Розговины тогда стали ликованьем, наполнились чудесным светом. Все затеснились к деду особенно будоражно-радостно: начиналась заветная раздача сверкающих «пасхаликов». Дед достал из бархатной коробки большое золотое яйцо, развинчивавшееся на половинки, и высыпал на фарфоровое блюдечко присланные, по заказу из Москвы, «пасхалики», – малюсенькие, не больше воробьиных, граненые яички из самоцветных уральских камушков: рубиновые, яхонтовые, аметистовые, топазовые, сердоликовые… всякий год, в розговины, одаривал он нас всех, и эти яички привешивались на тонкие золотень-кие цепочки или на пунцовый шнурок, – к прежним «годовичкам». У нас с Катюшей было их больше дюжины, и от отца с мамой, и мы носили эти «пасхалики» всю Святую под рубашкой: мы верили, что они воскрешают нас, освящают и охраняют от зла-греха.
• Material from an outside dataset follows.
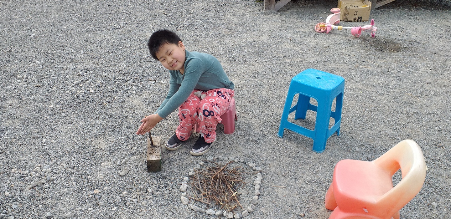아이들은 어디선가 나무를 구해오고 불을 붙여 달라고 한다.

В те памятные розговины все были радостно взбудоражены, все смотрели через яички на блистающий стол, на свечи… и вдруг услыхали глухой, едва различимый голос:
«А мне… бу-дет..?»
Все вдруг оторопели, оглянулись на дядю Васю… Силясь подняться с кресла, он глядел на нас жалобно, разевая рот, будто ловил губами воздух. Он ссутулился, и его крахмальная рубашка ввалилась в него, будто за ней была жуткая пустота. Все примолкли, как от испуга, но дед сказал оживленно-радостно: «Тебе-то да не будет!..»
Сам подошел к нему и дал чудесное-изумрудное, все в сверканьях. Прикрепил на пунцовой ленточке к сюртуку, у сердца. Дядя Вася нагнул голову, приподнял яичко и поцеловал его.
«Благодарю, папаша… обрадовали…» – и стал подниматься с кресла. Дед заботливо, осторожно, положил ему на плечи руки, чтобы он не трудил себя, но дядя, запыхавшись, все-таки силился подняться – прерывисто, шепотом говоря:
«Я сам… обрадовали… ах, ка-кой вы!..»
Дед склонился к нему, торопливо сказав – «Христос Воскресе!..» – и поцеловал три раза.
«Ты меня, Вася, обрадовал…» – сказал он тихо.
– «Чем я могу… обрадовать, папаша!.. – чуть усмешливо-грустно с трудом выговорил он. – Дайте мне наст о я щ е е… чудесное…» – и он показал на пасхальные яйца на столе.
Дед взял с блюда пунцовое и дал дяде.
– «Ну, милый… Христос Воскресе!..»
Дядя Вася – так это вышло неожиданно, – выпрямился усилием в рост деда и отчетливо произнес:
– «Воистину Воскресе!.. так… обрадовали…»
– «И хорошо… слава Богу… – сказал торопливо дед, – угодил яичком?..» – показал он на изумрудное.
– «Бо-льше… ши-рокий вы… тревогой своей обрадовали».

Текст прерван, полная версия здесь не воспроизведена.